BEGIN
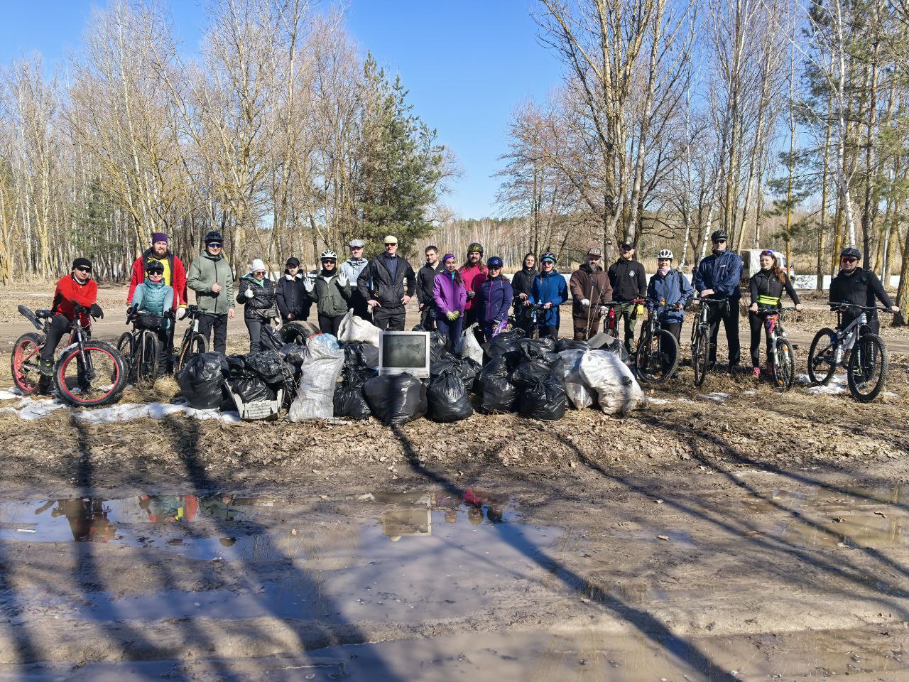 После двух часов уборки велосипедисты собрали все мусорные пакеты в одно место неподалёку от установленного бака — в него бы всё не поместилось. Наталья договорилась с администрацией, и там пообещали прислать машины, которые вывезут мусор. Получилось больше 30 мешков.
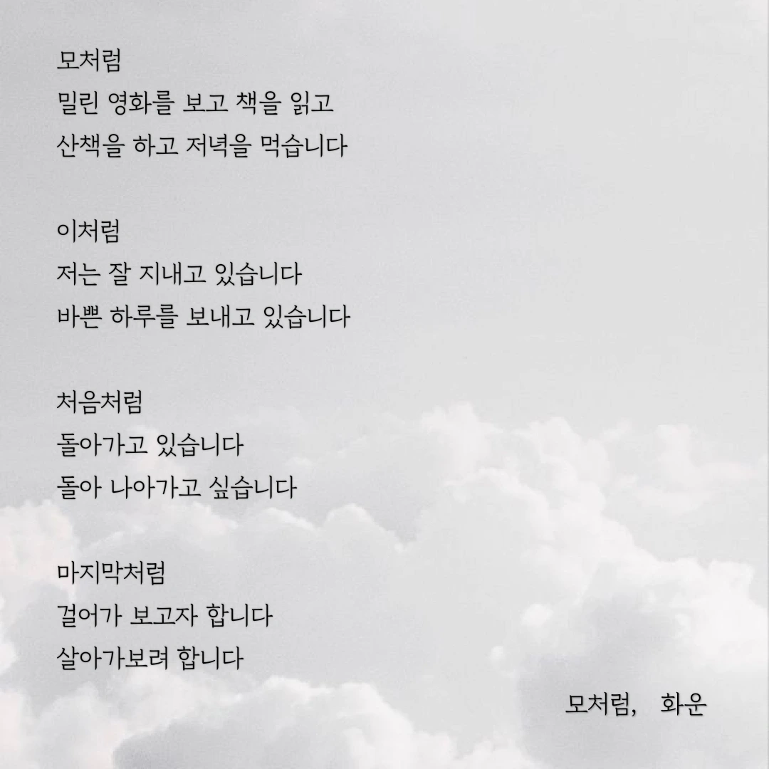 우연히 한 문장, 한 글자 주의 깊게 바라보았습니다. 그 우연이 제 삶에 길을 내어주었습니다. 제 글이 구름처럼 언제든 볼 수 있지만 깊이 있고 위로가 될 수 있으면 좋겠습니다
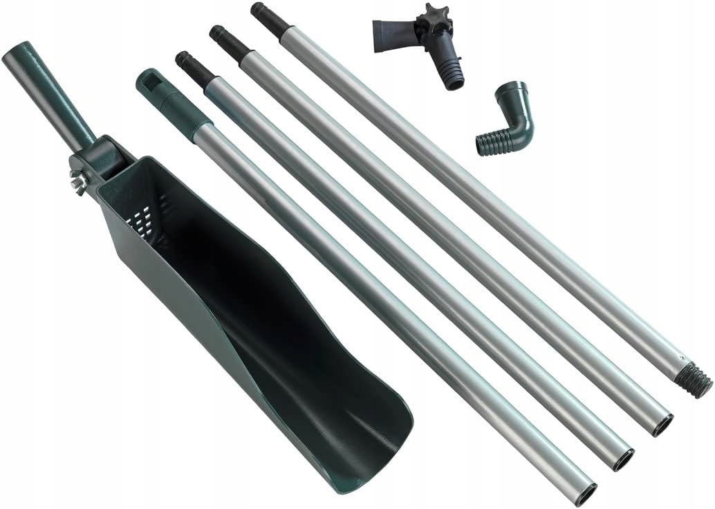 С телескопическим удлинителем: благодаря телескопическому удлинителю (очень длинная телескопическая ручка обеспечивает вылет до 4,5 м) и регулируемому шарниру в 3-х осях полотно желоба можно направлять с разных направлений - сверху через окно или с пола над головой
END
Task description: Transcribe the span of lines that runs from the line with "우연히 한 문장, 한" to the end of the data, both ends included, exactly, with nothing else and no pictures.

Answer space:
 우연히 한 문장, 한 글자 주의 깊게 바라보았습니다. 그 우연이 제 삶에 길을 내어주었습니다. 제 글이 구름처럼 언제든 볼 수 있지만 깊이 있고 위로가 될 수 있으면 좋겠습니다
 С телескопическим удлинителем: благодаря телескопическому удлинителю (очень длинная телескопическая ручка обеспечивает вылет до 4,5 м) и регулируемому шарниру в 3-х осях полотно желоба можно направлять с разных направлений - сверху через окно или с пола над головой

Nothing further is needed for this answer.